In recognition of his accomplishments as an innovative
and cross-disciplinary thinker, the Board of Trustees of the California State
University and California State University Monterey Bay are proud to confer
upon Robert Nathan Danziger the honorary degree of Doctor of Fine Arts.
My remarks are reproduced here:
Remarks of Robert Danziger in Connection with Receiving a Honorary Doctor of
Fine Arts from California State University at Monterey Bay
President Harrison &
Provost Cruz-Uribe, Chairman
Bains, Deputy Chairman Waters, Faculty, My wonderful wife Martha, Family and
Friends, thank you for being here.
Dr. Harrison, I recently
learned your career has been dedicated to the study, teaching and practice of
social work. My Mother was a
social worker, and she spoke often in her last few weeks about how fulfilling,
how comforting, how warm it made her feel to have been a social worker, it was
an extremely important part of her life.
My father grew up desperately
poor in a difficult household with a very sick mother. He didn’t have so much as a birthday
party until Mom came along.
Despite his childhood suffering, He and my mother gave my sister Ronna
and I everything we needed to live a successful life. I have to believe he was Mom’s most successful project, and they
broke the chain of poverty and the associated social ills that usually pass
from generation to generation.
Just like social workers try to do every day.

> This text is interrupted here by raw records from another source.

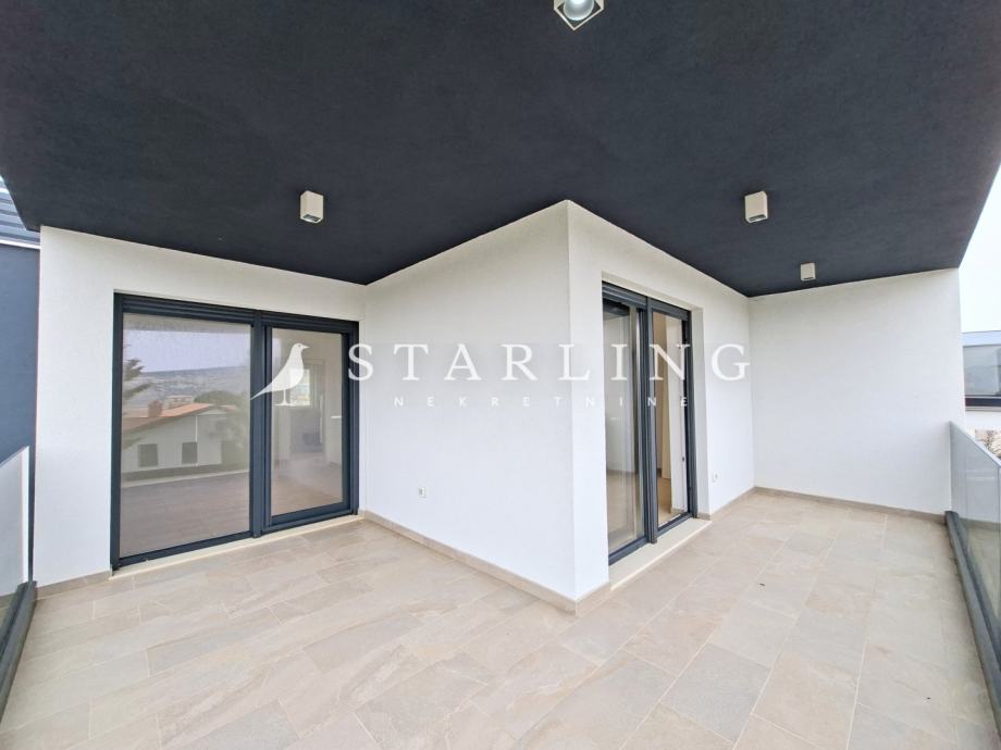 Stan se sastoji od open space dnevnog boravka s kuhinjom i blagovaonicom, dvije spavaće sobe, kupaonice, zasebnog WC-a i prostrane terase.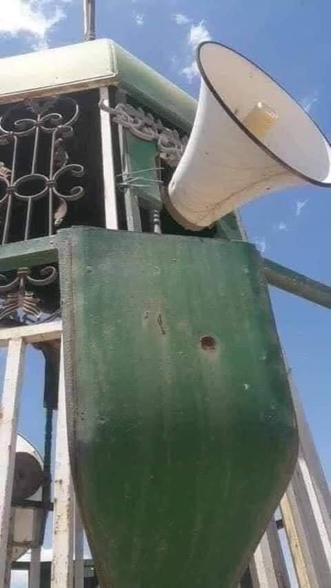 سرايا - تداول نشطاء مواقع التواصل الاجتماعي على نطاق واسع صوراً تُظهر سماعات أحد المساجد وقد اخترقها عشرات الأعيرة النارية بشكل عشوائي.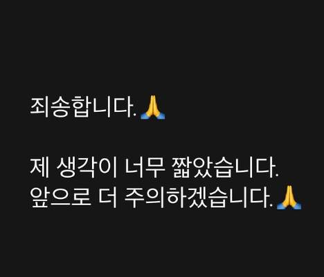이후 김나영은 SNS에 사과문을 게재하며 “죄송합니다. 제 생각이 너무 짧았습니다. 앞으로 더 주의하겠습니다”라고 사과했다.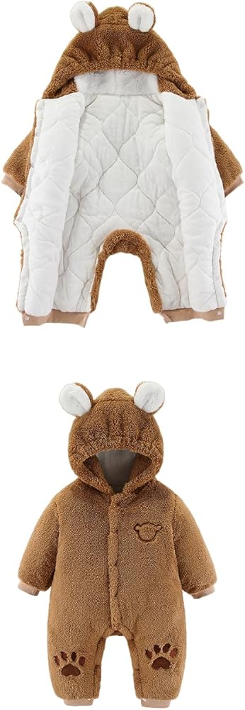 This baby jumpsuit is made of 100% soft cotton, which is very gentle on the baby's skin. It has long sleeves and legs to protect the baby from cold winds. The jumpsuit has a hood to keep the baby's head warm. It has buttons for easy dressing and diaper changes. This jumpsuit is perfect for winter and can be worn as a standalone item or as a layer over other clothes. Baby jumpsuits are a wardrobe essential for every baby. They are not only cute but also practical and convenient to wear. Baby jumpsuits are perfect for all occasions, whether it's a special occasion or just a day at home.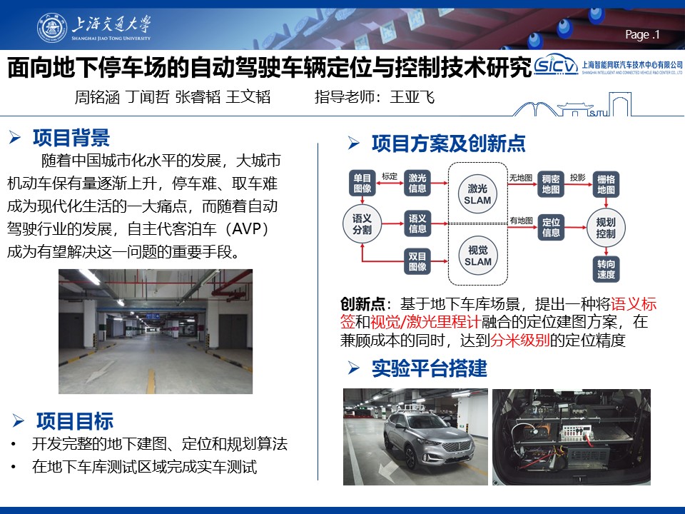 本项目的目标是建立一套完整的从多传感器感知到高精度建图及定位,最后规划并给出控制信号的地下车库泊车系统,实现在无GPS信号场景下的精准建图、定位及规划。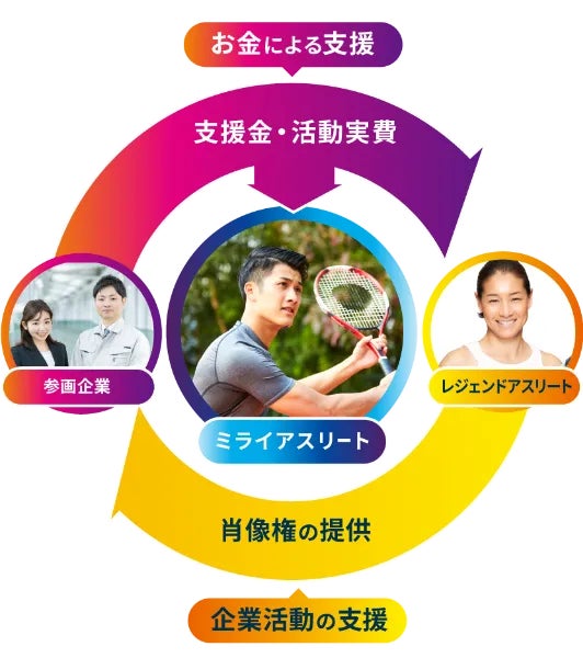 企業とアスリートの相互支援型社会貢献活動を通じて、夢を諦めることなく挑戦し続けるアスリートたちを支援し、日本のスポーツ界の未来を共に創り上げていきます。

When you called me earlier in
the year to tell me about this honor my mother had recently passed away, and I
told you I would dedicate, and do now dedicate this Honorary Doctor of Fine
Arts to my Mother, Shirley Delores Rotstein Danziger.
I appreciate all the kind
things being said about me. But I
do have one big regret: I did not accomplish one of the most important goals I had
set for myself. This was to
achieve, in my lifetime a kind of universal prosperity, coupled with energy
independence and a clean environment, of the sort we enjoy here in Monterey.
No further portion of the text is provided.